Red-hot Rangers sink Isles again

So it is under a bevy of great opportunities gone unfulfilled that the Islanders find themselves buried, squirming now for the last breath of life in their plummeting season. To add insult to injury, they can look up only to find the ones tossing the last bits of indignity upon them are the Rangers.

As the two teams took their rivalry from one iconic venue in The Bronx to another, more conventional, venue in Manhattan, the end result remained the same. The Blueshirts backed up their 2-1 win outdoors at Yankee Stadium on Wednesday with a decisive 4-1 victory at the Garden on Friday, extending their suburban rivals’ losing streak to five games (0-4-1) and leaving them no option but to start doing the dubious math to see the grim chance left for another postseason appearance.

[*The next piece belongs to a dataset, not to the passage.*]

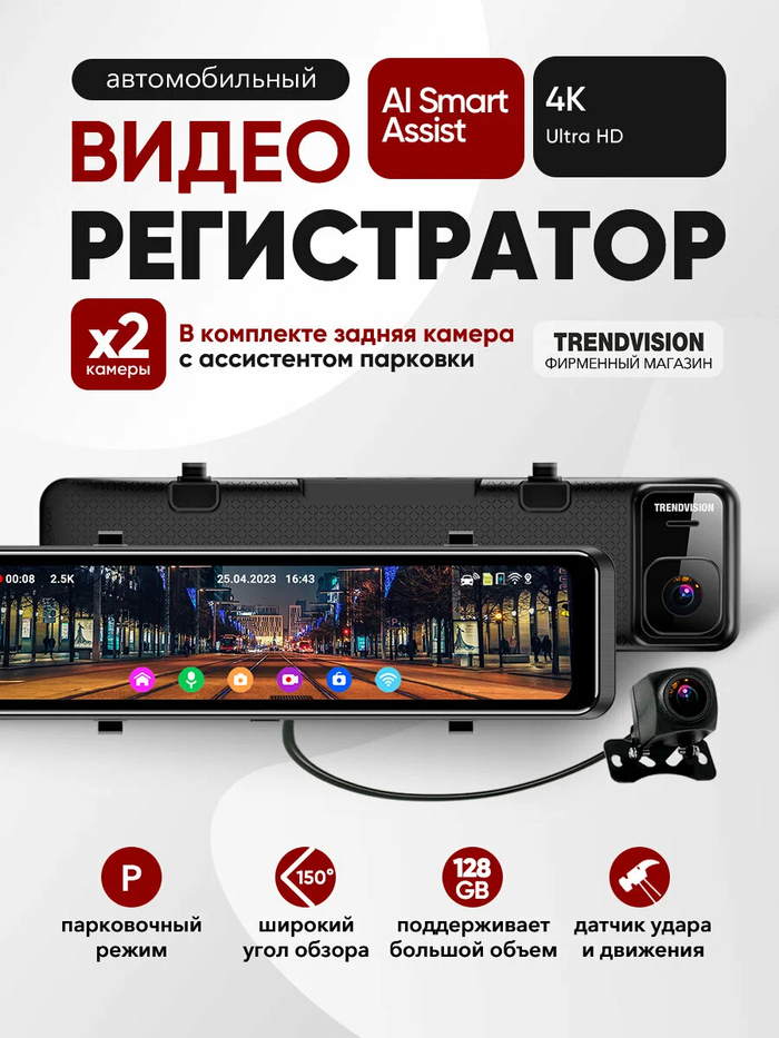 TrendVision MR-1100 4K AI Smart Assist — это видеорегистратор в виде зеркала заднего вида, предлагающий продвинутый набор функций и возможностей для современной езды.

“It’s so magnified now, the wins we need and the points we need — it’s no secret,” said Islanders captain John Tavares, the league’s second-leading scorer held off the score sheet by the Rangers for the second consecutive game. “This loss, the outdoor game, the game before that, they’re all important games. We’ve had some opportunities going into third periods and being in games, and we haven’t gotten the job done.”

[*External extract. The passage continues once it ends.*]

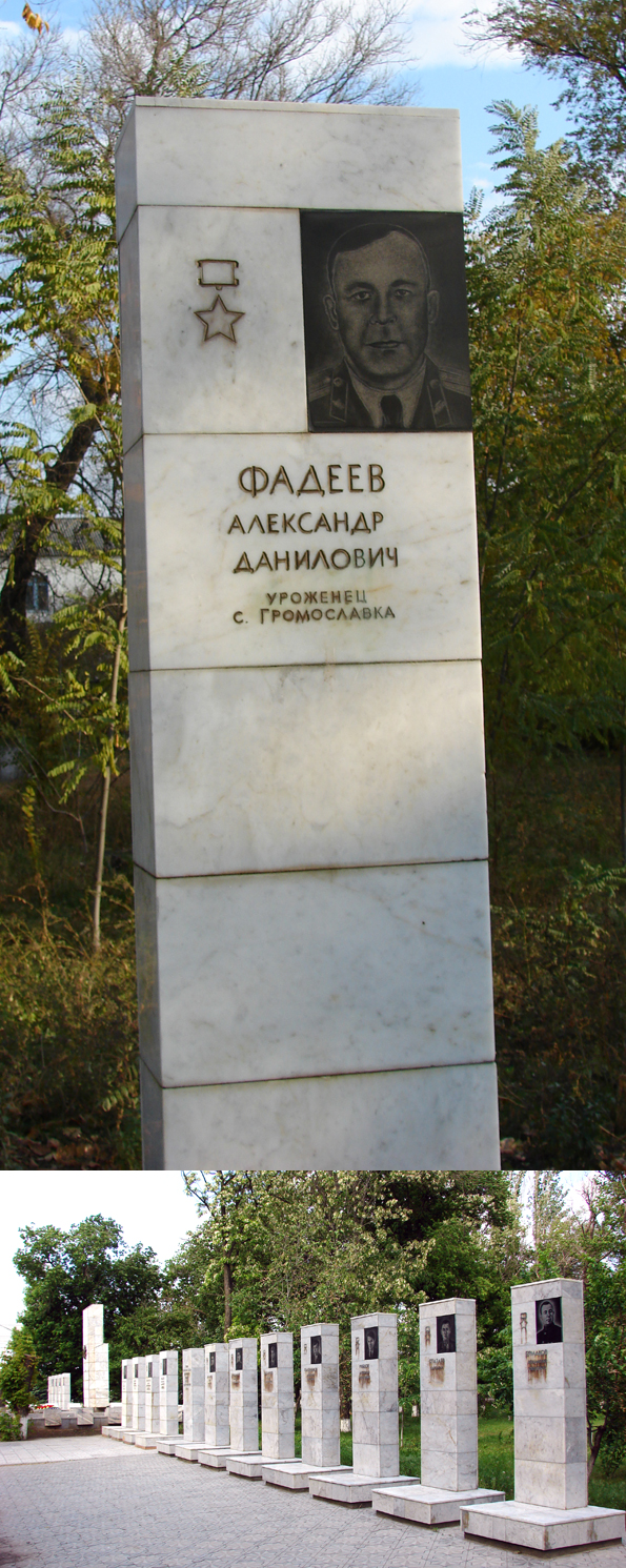 Именем Героя названа улица в селе Громославка. В Волгограде на доме, где жил А.Д.Фадеев (улица Мира, 24) установлена мемориальная доска. Его имя увековечено на мемориале в поселке Октябрьский Волгоградской области.

The Islanders (21-28-8) were undone with just over 12 minutes gone by in the third, with the game tied 1-1. That’s when defenseman Marc Staal made a great cross-ice pass to Derick Brassard, who beat Evgeni Nabokov over his glove to give the Rangers (30-23-3) a 2-1 lead.

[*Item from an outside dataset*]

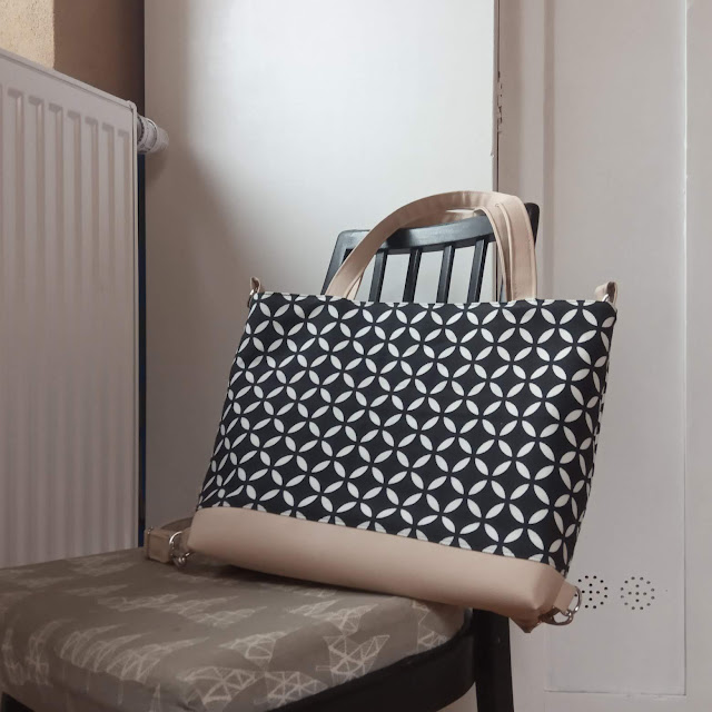 Ze zadního dílu jsem ušila sobě kabelku, z předního teď batoh. Celkově jsem batoh zase o kousíček posunula dál.

“He seems to be more comfortable,” Rangers coach Alain Vigneault said of Staal, who also assisted on Brian Boyle’s opening score 3:29 into the first, equalized midway through the second when Kyle Okposo got his team-leading 24th of the season. “I’m hoping that it continues because he has been really solid back there for quite some time now.”

Before the game, before Brad Richards padded Brassard’s goal just 2:45 later and then Ryan McDonagh dumped one into the empty net to finish it off, Vigneault was adamant about how much Staal has meant to his team, especially how he handles himself off the ice.

“When he talks, he looks you in the eye,” the first-year Rangers coach said. “He’s thinking about the team all the time, and I’ve got a lot of time for players like that.”

Although Staal said, “It felt like a sauna in the first period” compared to the frigid Bronx temperatures the Rangers played through en route to their two-game Stadium Series sweep, the team continued its roll through all conditions, now 12-4-1 since Dec. 29 and solidly in second place in the Metropolitan Division.

The Islanders, on the other hand, remain in last, now nine points behind the Red Wings as the final wild-card holder, as Detroit holds three games in hand. Even with the influx of Lubomir Visnovsky, the failure of the power play was killer yet again, going 0-for-3 to make them 1-for-25 in their past six games.

The Islanders did pepper Henrik Lundqvist with a flurry of shots, 39 in total, many of them terrific scoring chances only to be thwarted. None was more jaw-dropping than the split save he made on Josh Bailey midway through the first that kept the Rangers ahead, 1-0.

“We had a lot of Grade A opportunities and we have to put the puck in the net,” Okposo said. “That was a big game for us, and we have to convert our chances.”

After this one, those chances are surely close to all gone.